Secondly, plant morphology observes both the vegetative (somatic) structures of plants, as well as the reproductive structures. The vegetative structures of vascular plants includes the study of the shoot system, composed of stems and leaves, as well as the root system. The reproductive structures are more varied, and are usually specific to a particular group of plants, such as flowers and seeds, fern sori, and moss capsules. The detailed study of reproductive structures in plants led to the discovery of the alternation of generations found in all plants and most algae. This area of plant morphology overlaps with the study of biodiversity and plant systematics.

Thirdly, plant morphology studies plant structure at a range of scales. At the smallest scales are ultrastructure, the general structural features of cells visible only with the aid of an electron microscope, and cytology, the study of cells using optical microscopy. At this scale, plant morphology overlaps with plant anatomy as a field of study. At the largest scale is the study of plant growth habit, the overall architecture of a plant. The pattern of branching in a tree will vary from species to species, as will the appearance of a plant as a tree, herb, or grass.

Fourthly, plant morphology examines the pattern of development, the process by which structures originate and mature as a plant grows. While animals produce all the body parts they will ever have from early in their life, plants constantly produce new tissues and structures throughout their life. A living plant always has embryonic tissues. The way in which new structures mature as they are produced may be affected by the point in the plant's life when they begin to develop, as well as by the environment to which the structures are exposed. A morphologist studies this process, the causes, and its result. This area of plant morphology overlaps with plant physiology and ecology.

== A comparative science ==

A plant morphologist makes comparisons between structures in many different plants of the same or different species. Making such comparisons between similar structures in different plants tackles the question of why the structures are similar. It is quite likely that similar underlying causes of genetics, physiology, or response to the environment have led to this similarity in appearance. The result of scientific investigation into these causes can lead to one of two insights into the underlying biology:

1. Homology - the structure is similar between the two species because of shared ancestry and common genetics.
2. Convergence - the structure is similar between the two species because of independent adaptation to common environmental pressures.

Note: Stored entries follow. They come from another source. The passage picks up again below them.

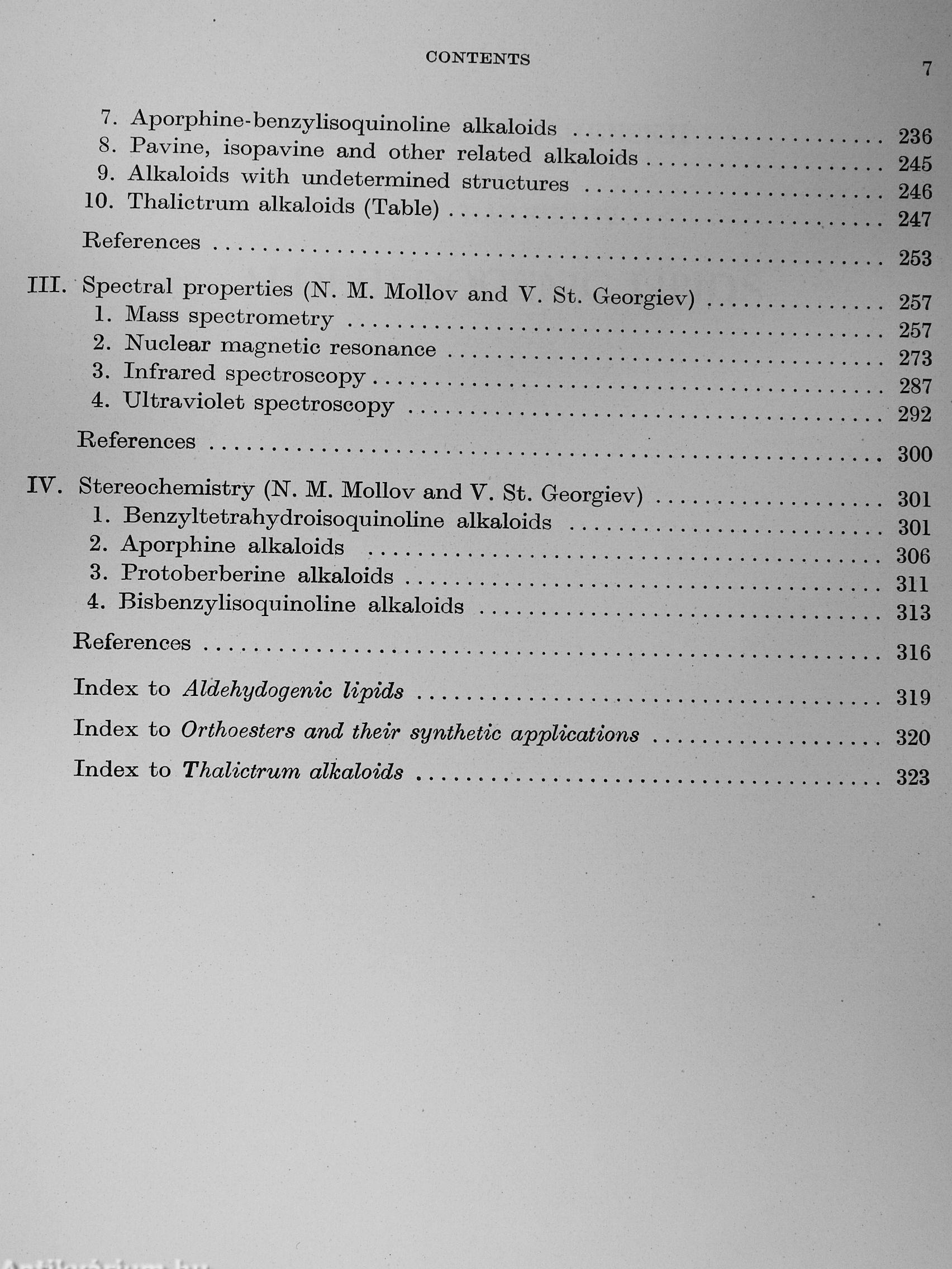 In the introduction of the third monograph, the well-known authors, N. M. Mollov, H. B. Dutschewska and V. St. Georgiev outline the biogenesis and pharmacological activity of Thalictrum alkaloids. The following part deals with the different chemical types of these compounds, such as the isoquino-line, benzyltetrahydroisoquinoline, aporphine, protoberberine, protopine, bisbenzylisoquinoline, pavine, isopavine and other related alkaloids. The discussion includes the spectral (mass, NMR, IR, UV) properties and the stereochemistry of these alkaloids.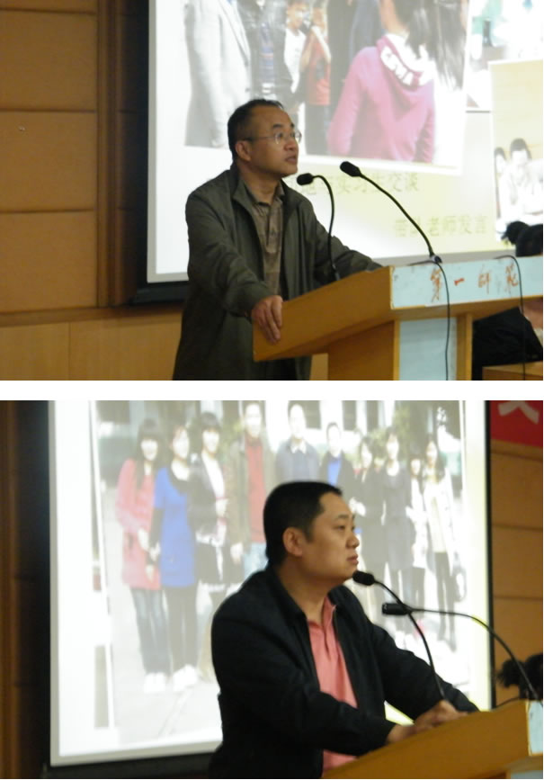 交流会中,06级优秀实习生代表520班彭立玉、525班吴代霞、522班张琨鹏、527班唐小雨、523班李佐娅、526班罗正康、524班汤雅雯等7名同学分别做了《基础教育,从“字”做起》、《让每朵花都能绚丽绽放》、《心路旅程》、《花开的声音》、《爱的收获》、《顶岗实习的日子》、《演绎美丽的教师人生》等主题发言。在发言中,他们精彩地讲述了自己在顶岗实习生活中的真实感触和丰富收获,提到了城乡教育的差距以及农村基层教育事业的任重道远,表达了对农村基础教育的赤子之心和热爱之情。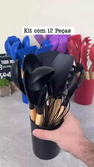 Kit de Utensílios de cozinha em silicone. 12 Peças. O link para compra está na rede vizinha. #lojaomercadolivre #utensiliosdecozinha #utensiliosdomesticos #cozinha #casa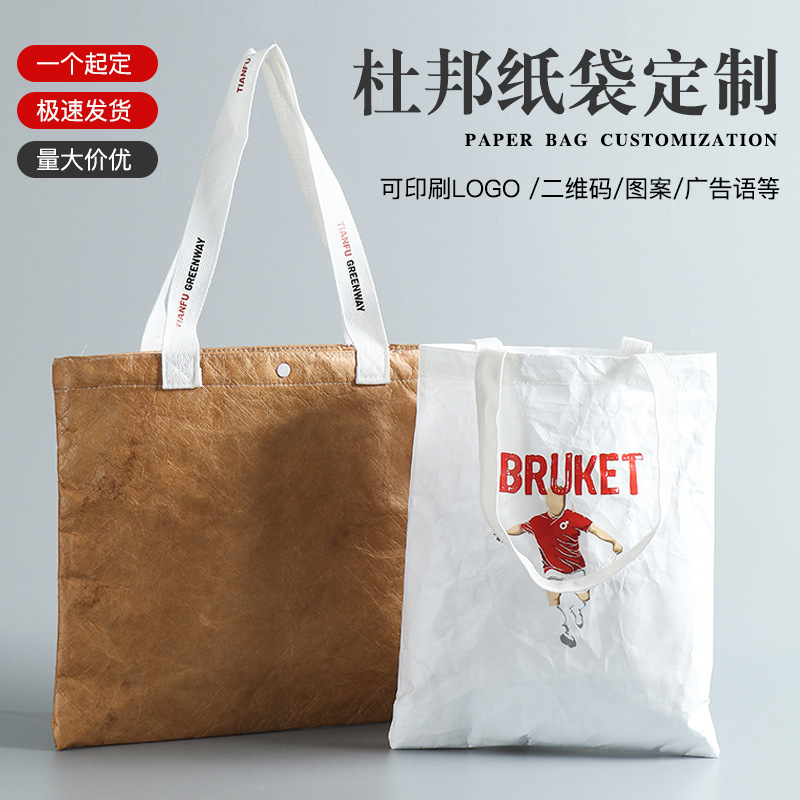 杜邦纸袋定 制印logo加急防水洗单肩大容量购物袋牛皮纸袋环保袋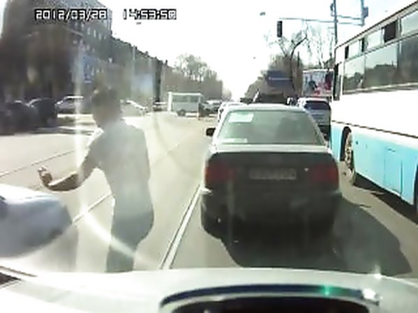 PIÉTON TRAVERSE AU MILIEU DU TRAFIC ET SE FAIT PERCUTER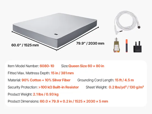 Komfort ohne Stromschlag: Dieses Erdungs-Spannbettlaken verfügt über einen eingebauten Widerstand von >100 kΩ, der eine sichere Verwendung gewährleistet. Es schützt den Benutzer vor Stromschlägen bei Stromausfällen oder Gewittern
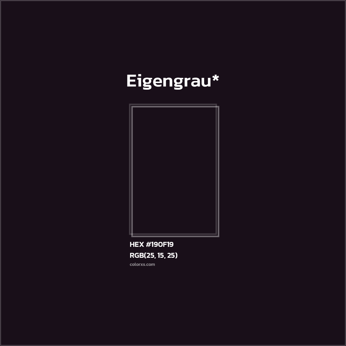 HEX #190F19 color codes / color number / color space conversions - RGBA, HSL, HSV/HSB, HYZ, CMY, HWB, RYB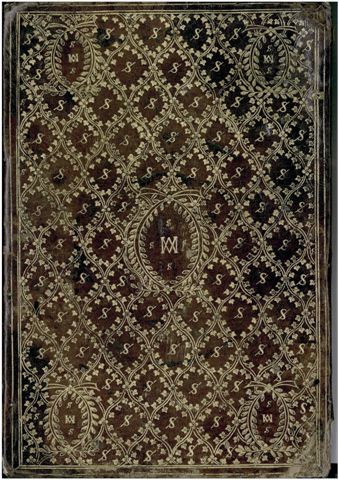Manuscrit en partie autographe, milieu du XVIe-milieu du XVIIe siècle ; petit in-fol. de 121 pages plus feuillets blancs, reliure fin XVIe s. en veau brun orné sur les deux plats de guirlandes de lierre dorées formant des croisillons autour de fermesses ou S barrés, et sur chaque plat de cinq médaillons ovales de branches de laurier au centre et aux quatre coins renfermant le monogramme MA enlacé, dos orné du monogramme et de fermesses en alternance, séparés par des doubles filets (reliure usagée: charnières fendues, petits accidents aux coiffes, aux coins, au dos et sur le plat inf.).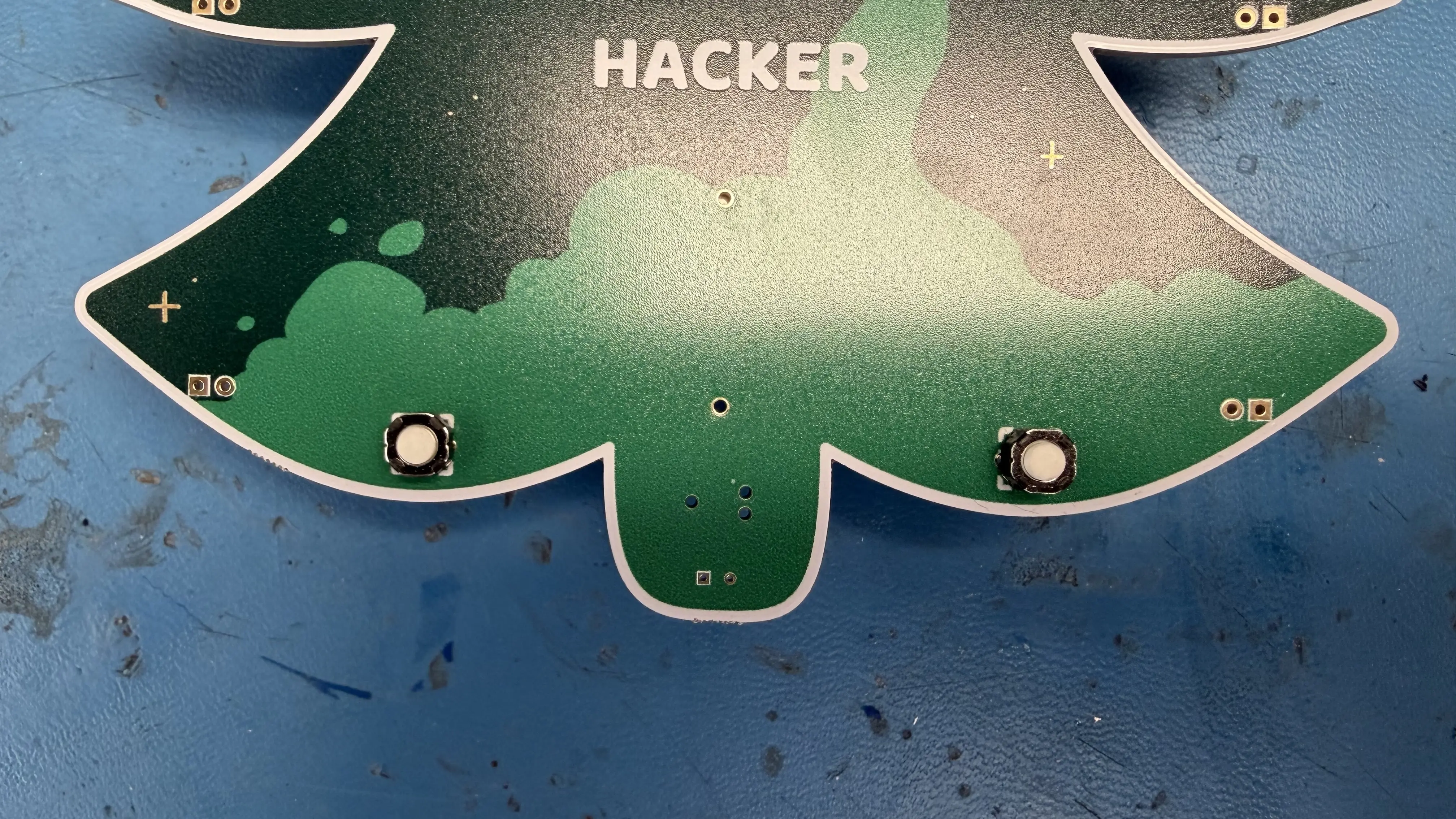 You are finished! But continue reading. Put a battery in the holder and try holding down the buttons to activate your badge. You should see a default LED sequence and hear a default buzzer sequence. If you do not or something seems wrong, let an organizer at the hardware lab know and we can help you!

Understanding which characteristics and structures belong to each type is an important part of understanding plant evolution. The evolutionary biologist relies on the plant morphologist to interpret structures, and in turn provides phylogenies of plant relationships that may lead to new morphological insights.

=== Homology ===

When structures in different species are believed to exist and develop as a result of common, inherited genetic pathways, those structures are termed homologous. For example, the leaves of pine, oak, and cabbage all look very different, but share certain basic structures and arrangement of parts. The homology of leaves is an easy conclusion to make. The plant morphologist goes further, and discovers that the spines of cactus also share the same basic structure and development as leaves in other plants, and therefore cactus spines are homologous to leaves as well.

=== Convergence ===

When structures in different species are believed to exist and develop as a result of common adaptive responses to environmental pressure, those structures are termed convergent. For example, the fronds of Bryopsis plumosa and stems of Asparagus setaceus both have the same feathery branching appearance, even though one is an alga and one is a flowering plant. The similarity in overall structure occurs independently as a result of convergence. The growth form of many cacti and species of Euphorbia is very similar, even though they belong to widely distant families. The similarity results from common solutions to the problem of surviving in a hot, dry environment.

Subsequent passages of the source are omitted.